Nearly all rifle loads are weighed on the scale. When I first started I was too poor to afford a scale so I used a set of Lee dippers for rifle loads. And you know what? I loaded some really accurate loads with those dippers. When I got a scale and weighed charges they were no more accurate than the dipper method. But that one gun I had was a custom built gun and shot every thing accurately.

I did load several boxes of 243 loads this year and used the dippers. The gun shot just over an inch with those loads. Good enough for the kind of deer I kill.

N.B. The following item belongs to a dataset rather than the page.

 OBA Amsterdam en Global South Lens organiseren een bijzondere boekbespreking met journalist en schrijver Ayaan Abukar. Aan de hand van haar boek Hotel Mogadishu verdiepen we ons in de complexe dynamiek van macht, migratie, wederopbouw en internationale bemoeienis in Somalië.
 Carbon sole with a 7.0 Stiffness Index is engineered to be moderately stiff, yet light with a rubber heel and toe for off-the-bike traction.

I load on a single stage. I charge however many I am going to load. With them all in the block I use a little flashlight like you do to compare all of them. That is one step I never leave out.
 
To clarify something about precision, I wrote earlier that with ball powders my Lee Auto Drum throws charges +/-0.06 grains. That is as measured by a GEM20 scale (a low-cost digital scale). Although the GEM20 indicates to one-hundredths of a grain precision, that doesn't mean that it does so accurately. The scale has its own tolerances and I have no expectation that they are as fine as that. I do think even cheap digital scales can have precision less than 0.1 grain, but I understand a manufacturer of a powder dispenser may not want to advertise a claim more precise than that, because they will have warranty claims for anything less. I would be surprised if the Chargemaster type devices weren't actually quite a bit more accurate. I don't have one but I bet they're more than twice as precise as my volume-based drum dispenser.

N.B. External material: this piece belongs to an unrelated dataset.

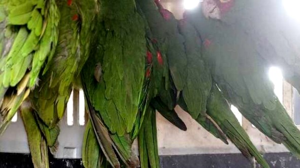 En uno de los sacos había dos cajas de cartón con orificios: una de ellas con 50 pericos esmeraldas (2 muertos) y la otra con 48 ejemplares de la misma especie (2 muertos). En otro saco se halló a los 8 loros de cabeza roja. Todas las aves se encontraban en muy mal estado físico por el hacinamiento y la falta de aire.
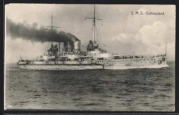 AK Kriegsschiff SMS Ostfriesland in voller Fahrt

I calibrate my GEM20 with precision known weights and compare my GEM20's readings with another imported digital scale (it was a costlier one but about 10 years old now). Reading two scales reminds me of Segal's law which states, "A man with a watch knows what time it is. A man with two watches is never sure." Nevertheless, the comparison does give me some confidence that my estimation of the Auto Drum Powder Measure's variance is reasonable. I also want to qualify that this +/-0.06 grains variance is the best result I can obtain from my Lee Auto Drum. It is not the level of accuracy one could expect "out of the box." I obtain it only when using the best-metering ball powder I've found, and with the Auto Drum adjusted as perfectly as possible. I've found it will maintain this level of accuracy for a little more than 100 throws and then may need readjustment. I might check and adjust my throws as much as a dozen times before I get up and running, and then I've learned to recheck them every 60 throws (when the case feeder is empty and refilled).

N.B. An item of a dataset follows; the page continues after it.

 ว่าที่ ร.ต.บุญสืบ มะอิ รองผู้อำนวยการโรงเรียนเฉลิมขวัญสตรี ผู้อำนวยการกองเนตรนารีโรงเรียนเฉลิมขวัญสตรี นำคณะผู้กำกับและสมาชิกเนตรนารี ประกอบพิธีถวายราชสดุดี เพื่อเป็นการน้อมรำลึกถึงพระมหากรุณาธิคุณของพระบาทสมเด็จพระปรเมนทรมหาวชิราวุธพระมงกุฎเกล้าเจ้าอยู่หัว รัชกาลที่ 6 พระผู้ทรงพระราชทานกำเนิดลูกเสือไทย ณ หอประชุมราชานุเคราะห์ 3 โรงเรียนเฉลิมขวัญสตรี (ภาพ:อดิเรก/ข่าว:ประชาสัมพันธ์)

In practice, I think being +/-0.1 grain is a reasonable goal for precision without extravagant equipment. Notice that being this precise with a higher mass powder charge like a 10 grain handgun charge, 20 grain magnum handgun charge, or 30 grain intermediate rifle charge, are all progressively better than only being this precise with a 3 grain charge of "Tite Wad." For a 60-grain rifle charge, this type of precision is certainly not a limiting factor in performance. Again, the reason that 3 grain charge of fast pistol powder still works despite that relatively large variance in proportion to the total charge is that the distances to the target the cartridge is expected to be used at are very short and the resulting variances in velocity are inconsequential to the point of impact.
 
I load on a single stage. I charge however many I am going to load. With them all in the block I use a little flashlight like you do to compare all of them. That is one step I never leave out

I do it very similar but I have enough lighting setup I can see down my pistol cases with out a flashlight. Recently I added another 4 foot fixture over my bench that lights it up really good plus another 4 foot fixture in another position that helps to eliminate any Shadows. If I was loading rifle cases which I'm not at this point I would definitely have a good flashlight within reach.
 
I've been reloading 38 spl for 20+ years which means absolutely nothing. Just because I've been doing something wrong for 20+ years does not make me a expert.
But if you want my two cents worth I'd be glad to share it.